2. Gerät gemäß Anspruch 1, dadurch gekennzeichnet, daß die
besagten Ablenkmittel einen Eingang haben, der an einen
Ausgang der besagten Steuermittel (15, 16) angeschlossen
ist, um die besagten Ablenkmittel (13) zu steuern, und
besagte Steuermittel ein Programm für ein vorgegebenes
Belichtungsmuster des besagten Elektronenstrahls auf dem
besagten Werkstück enthalten,
und dadurch, daß es außerdem enthält
Sensormittel für die Feststellung der Arbeitstischposition
zum Messen der Position des Transportmechanismus des
Werkstückes und der Geschwindigkeit, für die Bereitstellung von
Korrekturen der Steuersignale, die an besagte Ablenkmittel
(13) angelegt werden, und an ein
Geschwindigkeitssteuersystem, und
Mittel für die Positionierung und Steuerung der
Geschwindigkeit
des besagten Werkstücks, so daß lithographische
Muster geschrieben werden können, während sich das besagte
Werkstück in Bewegung befindet, und die besagten
Steuermittel Werkstückpositionskorrekturdaten erzeugen, bezogen auf
den Arbeitstisch, in Abhängigkeit vom Ausgang der besagten
Registrierdetektionsmittel und der besagten
Arbeitstischpositionssensormittel, wobei die besagten Steuermittel die
besagten Positionskorrekturdaten für die Berichtigung der
besagten vorgegebenen Belichtungsmuster in Abhängigkeit von
den besagten berichtigten Daten korrigieren.

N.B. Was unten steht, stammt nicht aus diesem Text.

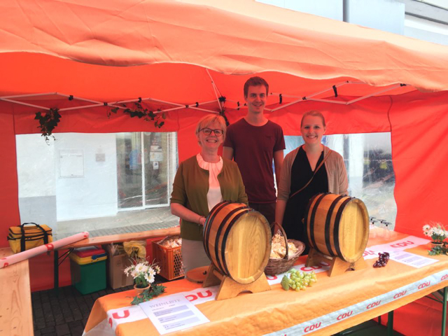 Mittendrin bot die CDU traditionsgemäß wieder verschiedene Weine in allen Farben zum Freundschaftspreis an. Dieses Angebot wurde reichlich in Anspruch genommen und die Organisatoren konnten viele Gespräche, kritische wie auch aufmunternde, mit den Bürgern führen.Über den Tag verteilt halfen dabei viele Freiwillige beim auf- und Abbbau sowie am Hahn der Weinfässer.
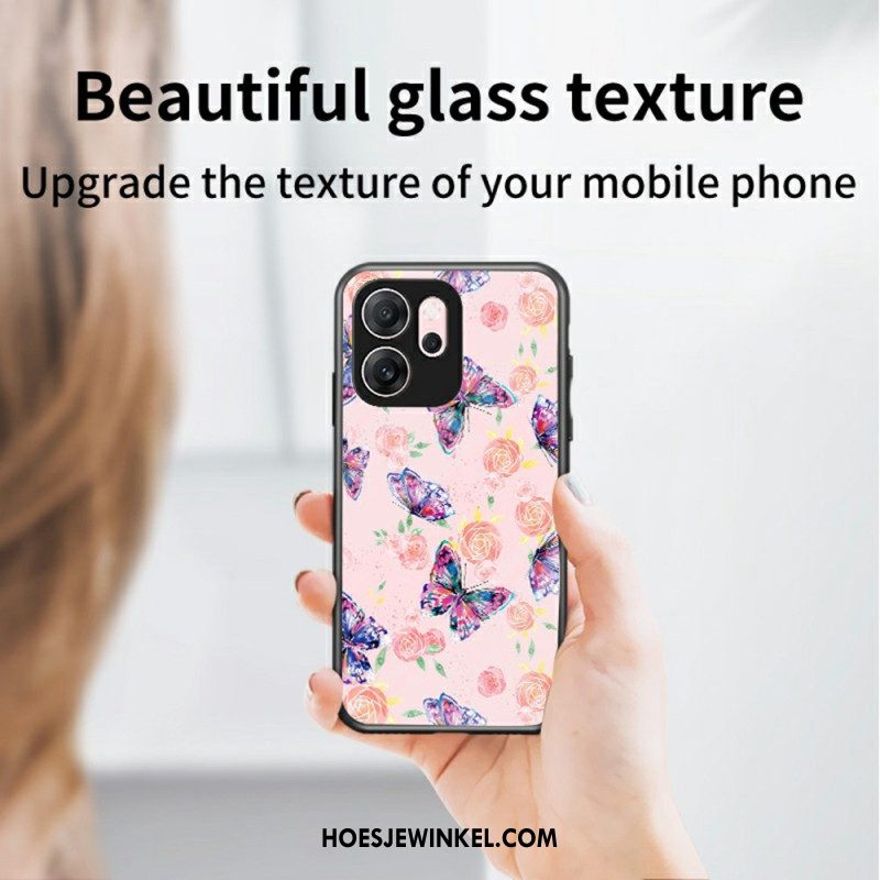Hoesje Oppo Reno 14f 5g Bloemenpatroon Gehard Glas
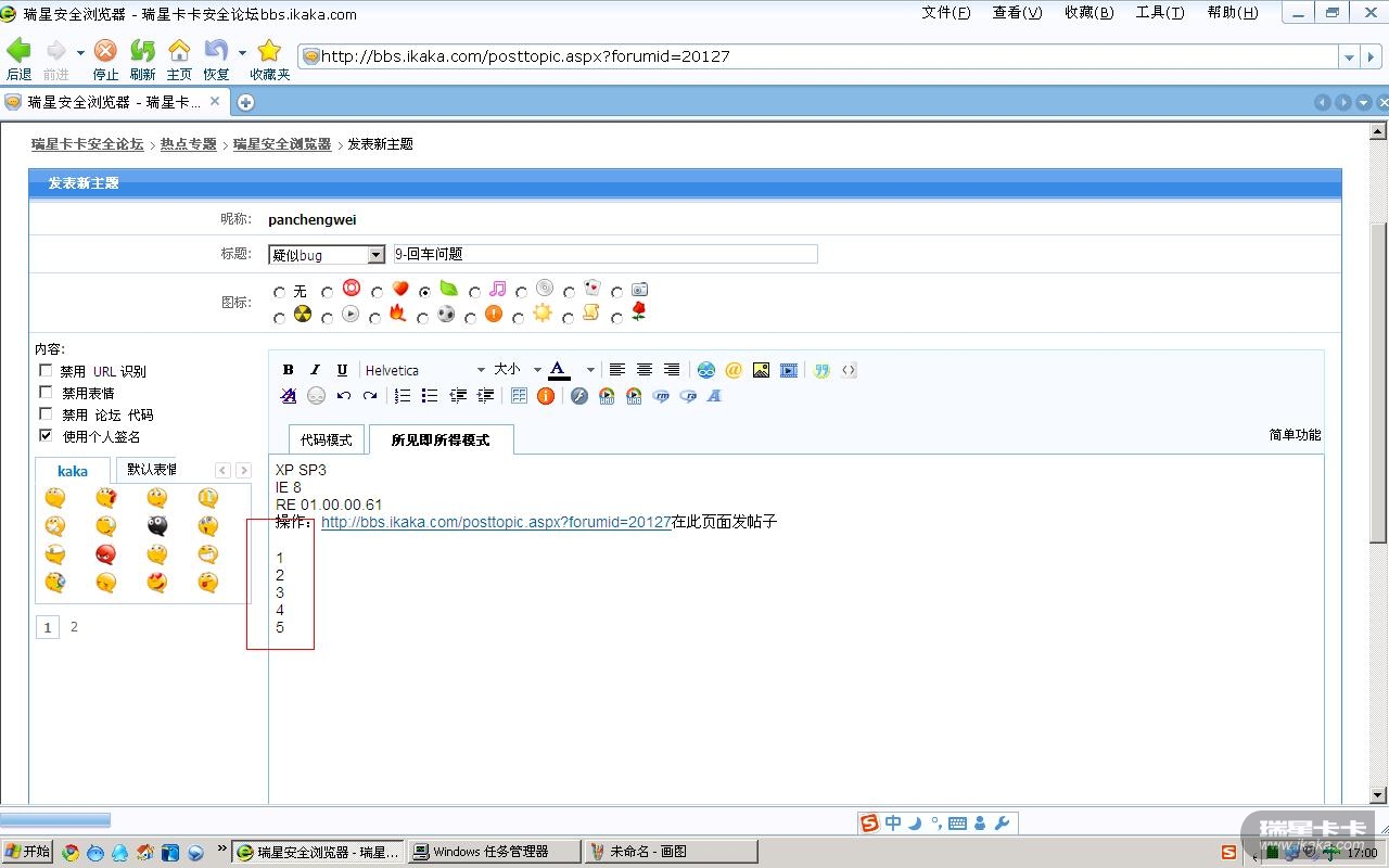 在IE中发帖正常
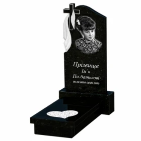 - Гранитный памятник с сердцем резная работа одинарный из черного гранита Коростышев к11-kor-pf-80-40-05-142.
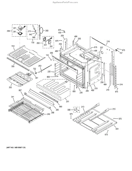 Oven rack slide assembly enables smooth gliding for easy loading and unloading. Replace if bent, worn, or seized to restore proper movement and support.

3. Gerät gemäß Anspruch 2, dadurch gekennzeichnet, daß
besagter Arbeitstisch und besagte Antriebsmittel das
besagte Werkstück kontinuierlich an einem schlangenartigen Weg
entlang befördert, bezogen auf den besagten
Elektronenstrahl, ohne Unterbrechung der Bewegung des besagten
Tisches für die Nachregistrierung der Position des besagten
Werkstücks und des besagten Tisches, und
Mittel, die für die Positionierung des besagten Strahls in
einem Unterfeld geeignet sind, an beliebiger Stelle
innerhalb eines breiten Ablenkbereichs, unter Verwendung von
Rasterablenkmethoden und einem Ablenksystem mit breiten
Feld (17, 19),
und ferner enthaltend
Mittel für die Messung der Position des
Transportmechanismus des Werkstückes und der Geschwindigkeit, welches
Korrekturen für die Ablenksysteme und
Geschwindigkeitssteuersystem liefert, und
Mittel für die Messung der Positionsfehler des Werkstückes,
bezogen auf den Transportmechanismus des Werkstücks, und
Mittel für die Bereitstellung einer Korrektur für das
besagte Strahlablenksystem.
4. Gerät gemäß Anspruch 2, dadurch gekennzeichnet, daß es
ferner enthält:
Mittel für die Abtastung eines weiten Ablenkbereichs mit
einem vorgegebenen Grad der Strahlbrennweite mit
vorgegebenen Präzisionsgraden,
Mittel für die Bewegung des besagten Strahls über die
besagte Schreibablenkzone hinaus an Registrierpunkte, die
deutlich außerhalb des besagten Schreibablenkungsbereichs
liegen, zum Registrieren des besagten Werkstücks, bezogen
auf den besagten Strahl, mit Verwendung eines Mehrpunkt-
Registriersystems.
5. Gerät gemäß Anspruch 1 bis 4, dadurch gekennzeichnet, daß
es eine VAIL Projektionslinse enthält, die mit der
Elektronenstrahlquelle zusammenwirkt.